Suggested test matrix¶

Run every task across this matrix, not just one example — the parity and overflow bugs hide on inputs a single example never reaches. A practical CI recipe: generate a few hundred random (p, q) pairs and random non-square D per build, assert the determinant identity and the fold-back round-trip on each, and assert x^2 - D y^2 == 1 for every Pell solution — these randomized property checks catch far more than the fixed examples.

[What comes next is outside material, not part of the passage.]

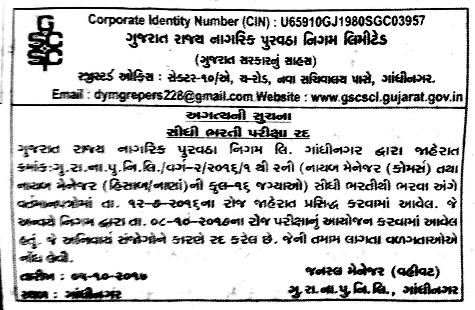 GSCSCL Deputy Manager Exam Cancellation Notification 2017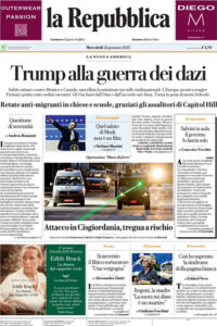 Le prime decisioni del neo presidente Donald Trump sono l’argomento principale sulle prime pagine di oggi. “Trump corre, valanga di decreti” è la prima pagina del Corriere della Sera. “Trump alla guerra dei dazi” è l’apertura di Repubblica. “America contro tutti” è invece il titolo di apertura della Stampa.

A final reminder on the unifying structure: every task here is the same Euclid loop with a different stopping rule and a different value read off the registers. If you build and harden the three shared snippets above (expand, convergents, cf_sqrt) plus a sign-normalized reconstruction helper, the fifteen tasks become short, low-risk wrappers. Resist the urge to copy-paste the loop into each task; a single tested engine is both fewer lines and fewer bugs.

Each task must be implemented and tested in Go, Java, and Python, with identical outputs across all three on the same inputs (everything is exact integer arithmetic, so results must match bit-for-bit).